Pyrénées : fermeture polémique de la route transfrontalière du col de Banyuls (AFP)

Cette fermeture visant à lutter contre le terrorisme et l'immigration illégale est "une absurdité administrative", lâche Pierre Becque, président de l'association Albères (le massif où se trouve le col, NDLR) sans frontière, la main appuyé sur un des blocs rocheux mis en place au col pour bloquer la route.

Pour José Rueda, un Catalan espagnol de 32 ans qui vient vendanger depuis sept ans près de la petite ville française de Banyuls-sur-Mer, "venir par le col était très facile. Maintenant, on dépense plus en essence. Certains venaient travailler pour la journée et repartaient dormir à Espolla ou Figueras", côté espagnol. "Ceux-là ne viennent plus", ajoute-t-il avec regret.

Alors que des travailleurs frontaliers ou saisonniers espagnols passaient par le col pour gagner du temps, nombre d'habitants de Banyuls prenaient la petite route pour faire des courses côté espagnol et y acheter notamment des cigarettes ou de l'alcool à meilleur prix.

Le maire de Banyuls-sur-Mer, Jean-Michel Solé, dénonce "une atteinte aux libertés individuelles et de commerce" et rappelle les "liens forts" entre sa commune et Espolla, un des villages espagnols proches du col.

"Voisins"

Dans la salle du conseil municipal, le maire d'Espolla, Carles Lagresa, est flanqué du drapeau catalan. "Nous sommes voisins.
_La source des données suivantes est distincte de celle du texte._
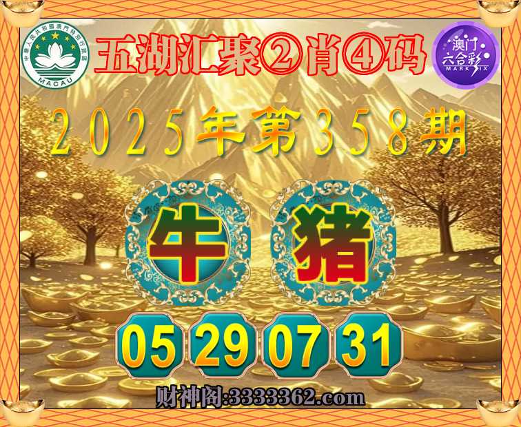 358期:『五湖汇聚』 🥬②肖④码🥬【牛】【05.29.07.31】开:猪07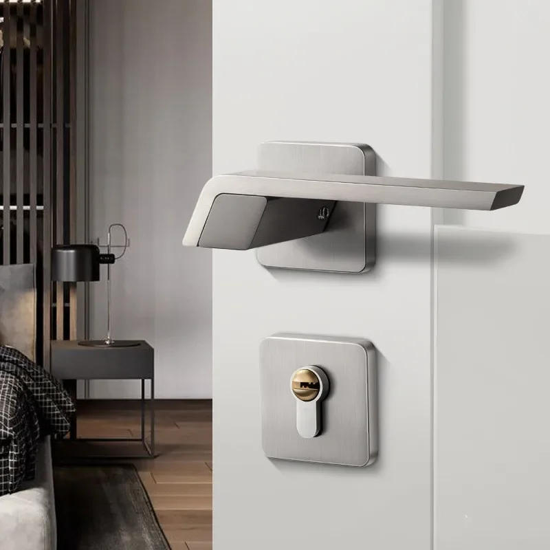 High Quality Zinc Alloy Bedroom Door Lock with Key Indoor Mute Security Door Locks Mechanical Handle Lockset Home Hardware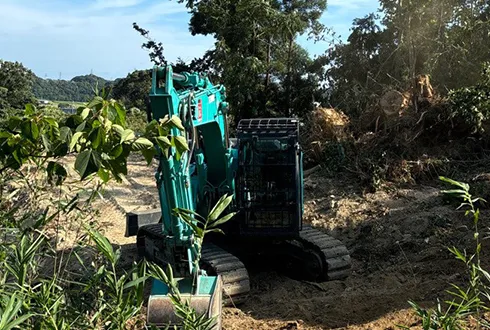 チェーンソーや重機を使って樹木を伐採し、根が残っている場合は伐根作業も行い、その後の工事へスムーズに移行できるようにします。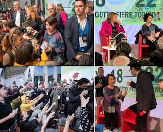 Eugenia Roccella, ministro per la Famiglia, durante la presentazione del suo nuovo libro Una famiglia radicale (Rubbettino ed.) al Salone del Libro di Torino, è stata aspramente contestata da gruppi di attiviste di alcuni movimenti (Extinction Rebellion, Non una di meno ecc.).

Ce passage nous permettait d'être en contact avec toute la côte de la Catalogne Nord", dit-il à l'AFP, faisant allusion aux stations balnéaires de la Catalogne française, Collioure, Banyuls, Argelès-dur-Mer.

"Moi-même, j'ai de la famille à Banyuls, même si elle est un peu éloignée. Et mon grand-oncle est enterré là-bas", ajoute-t-il, rappelant aussi le manque à gagner pour les commerçants.

Derrière le comptoir du bar tabac d'Espolla, Cristina Juanola confirme: "Les gens de la zone de Banyuls, qui avaient l'habitude de passer par le col" le font maintenant par les passages frontaliers de Port Bou ou La Jonquère, et s'arrêtent aux tabacs ou aux cafés qu'il y a là-bas", regrette-t-elle.

À l'instar d'autres préfets des départements pyrénéens, celui des Pyrénées-Orientales a interdit à partir du 11 janvier 2021 la circulation sur cinq passages frontaliers, dont le col de Banyuls, invoquant "la menace terroriste" et les "mouvements soutenus" de migrants.

Cette interdiction faisait suite à la venue dans le département, le 5 novembre 2020, du président Emmanuel Macron qui avait annoncé un durcissement des contrôles aux frontières.

Sollicitée par l'AFP, la préfecture des Pyrénées-Orientales a confirmé la réouverture d'un des cinq cols en mai 2021, mais n'a fait aucun commentaire sur les demandes de réouverture de celui de Banyuls.

- Interdit républicain -D'Espolla au col, le trajet en voiture prend une quinzaine de minutes. La route serpente à travers les vignobles et la garrigue, avant d'arriver aux blocs coupant le passage. Un autre quart d'heure suffirait pour arriver à Banyuls-sur-Mer.

Par les autres routes, il faut entre une heure et une heure et demie, selon la saison, pour faire Espolla-Banyuls.

Dans la pratique, piétons, vélos et même certains véhicules peuvent passer par le col, malgré les rochers érigés en travers de la route. Arrivé du côté français, un conducteur de 4x4 donne quelques coups de volant, fait une marche arrière sur quelques mètres, puis passe côté espagnol par une petite piste très pentue.

"Ces blocs n'arrêtent rien du tout", commente aussitôt Pierre Becque, jugeant peu probable que des immigrés illégaux ou des terroristes empruntent ce passage, avec ou sans blocs.

Quelques mètres plus loin, côté français, une plaque rappelle que des réfugiés espagnols fuyant la dictature de Francisco Franco (1939-1975) sont entrés en France par là.

Puis, pendant la Seconde guerre mondiale, des personnes refusant le travail obligatoire imposé par les nazis, ou des juifs persécutés, ont fui par ce point frontalier, mais dans l'autre sens, précise Pierre Becque.

"Du temps de Franco, on pouvait passer. Maintenant, la République française nous l'interdit", résume à sa façon Jacques Solane, un autre membre de l'association Albères sans frontière.